HOLY cow. I was eating all of the goodness of a Twix in each and every one of these cookies. And I am not going to admit the number of cookies consumed that day. But I had to get them out of the door and delivered to my neighbors as fast as I could! All of the delicious layers of a Twix bar are represented in these cookies and you are going to love them! The shortbread layer, to the caramel layer, and ending with the chocolate drizzle. There is no way that you can’t love these!
Twix Thumbprint Cookies
The buttery shortbread base and a chewy caramel center. They were just missing one thing. Chocolate. I drizzled that chocolate on as fast as I could and viola! A Twix Thumbprint Cookie.
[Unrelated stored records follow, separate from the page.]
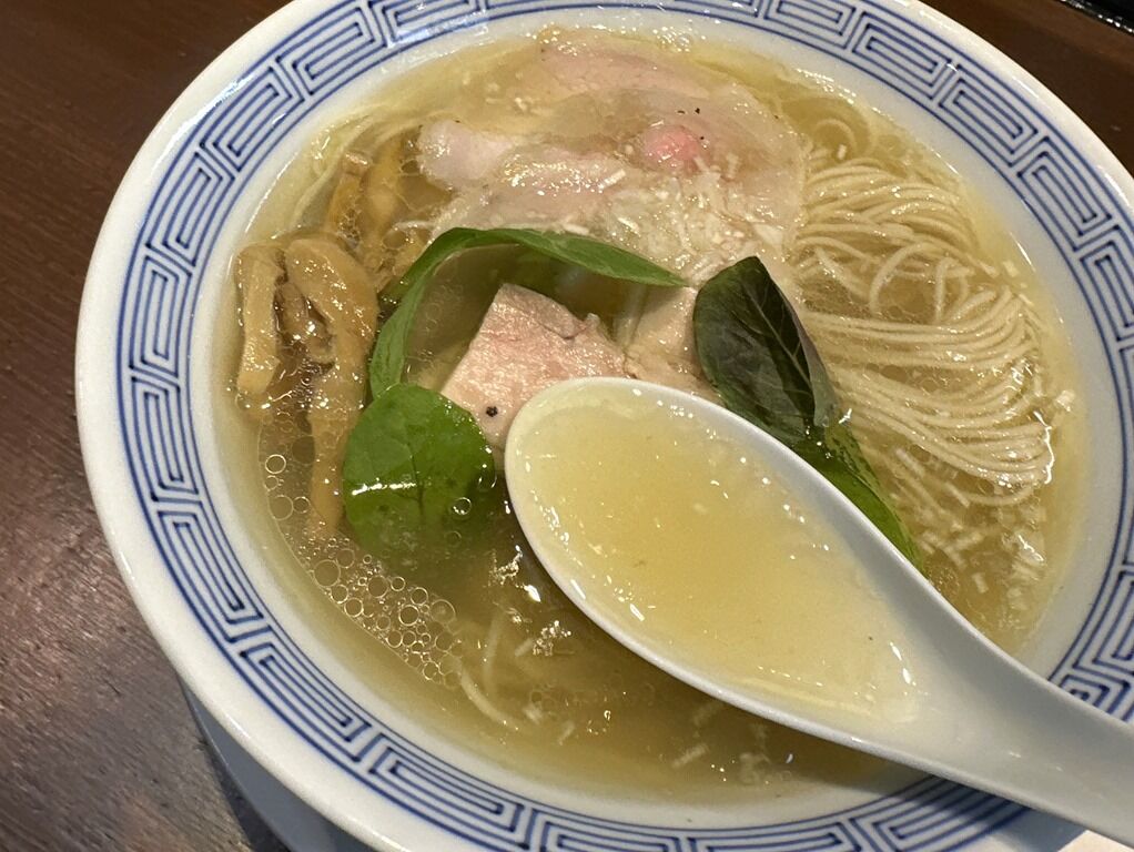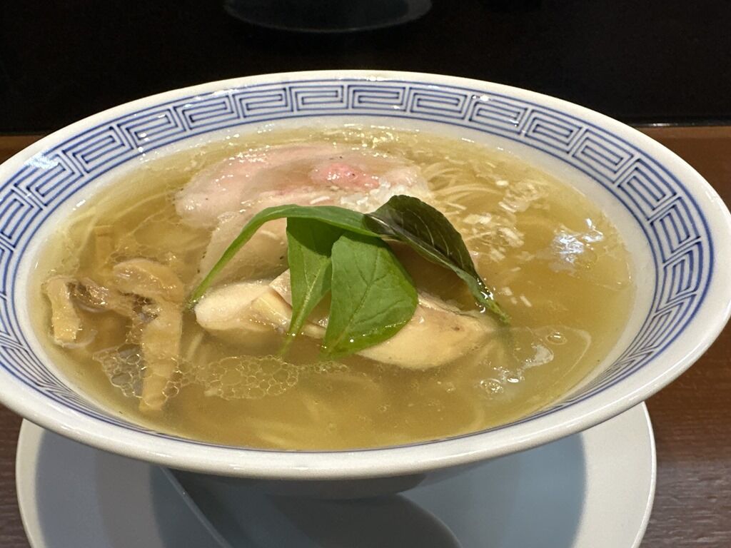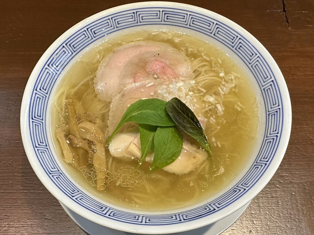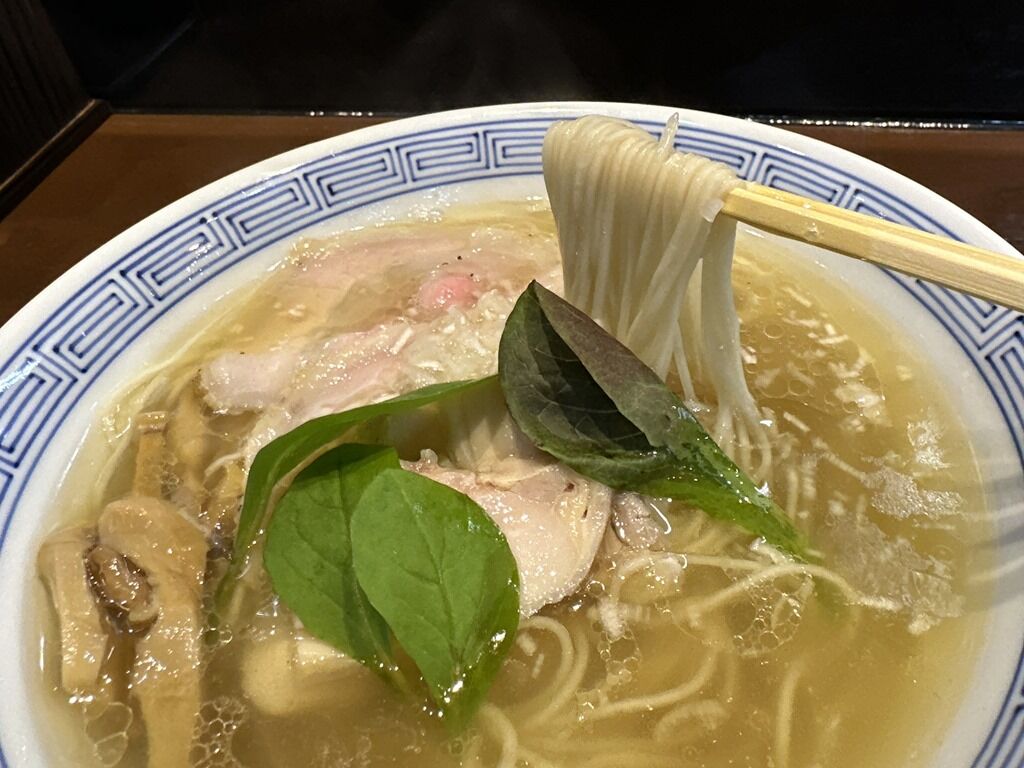 スープはさらさらの清湯塩味。岡崎おうはん丸鶏と国産豚メインに地鶏のガラや肉、野菜や海産物をふんだんに使用した出汁。鶏の風味、うま味、後味、余韻が素晴らしく、鶏をフルボディでリッチに味わえる官能的な味わい。後半冷めてくるに従い食材の様々なうま味が表出してきて、さらにコクと深みのある味に進化します。現時点で塩のマスターピースと言って過言ではない逸杯ですごく美味しい!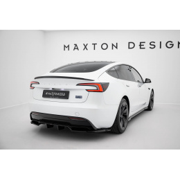 Maxton Design spoiler pod zadní nárazník s žebrováním v.2 pro Tesla Model 3 Mk1 Project Highland Facelift, černý lesklý plast ABS, Performance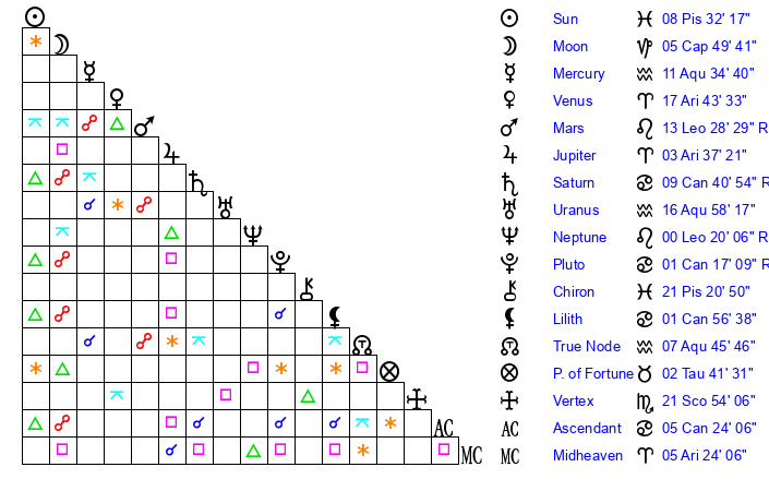 | Sun | 8 Pisces 32 | 10 Pisces 6 | 24 Gemini 56 |

- 2/3 cup Unsalted Butter softened
- 1/2 cup sugar
- 2 Eggs yolks only
- 1 teaspoon vanilla
- 1 1/2 cups all-purpose flour
- 14 soft caramel candies like Kraft Caramels
- 3 tablespoon heavy cream
- 6 ounce milk chocolate chips
To make the shortbread layer:
Preheat oven to 375 degrees. In a medium sized bowl, combine 2/3 cup butter, sugar, egg yolks and vanilla in bowl. Beat at medium speed, scraping bowl often, until creamy. Add flour; beat at low speed until well mixed. Cover and refrigerate at least 1 hour or until firm.
- Shape dough into 1-inch balls. Place 2 inches apart onto ungreased cookie sheets. Make indentation in center of each cookie with thumb or end of wooden spoon handle. Bake 7-10 minutes or until edges begin to brown. Cool completely.
To make the caramel filling:
Melt the caramel and heavy cream in the microwave stirring every 30 seconds until it is fully melted. Using a teaspoon fill each indentation with the caramel.
To make the chocolate drizzle:
Melt the chocolate in the microwave stirring 30 seconds at a time until smooth, and scoop into a ziplock bag. Barely snip the corner and drizzle over the cookies.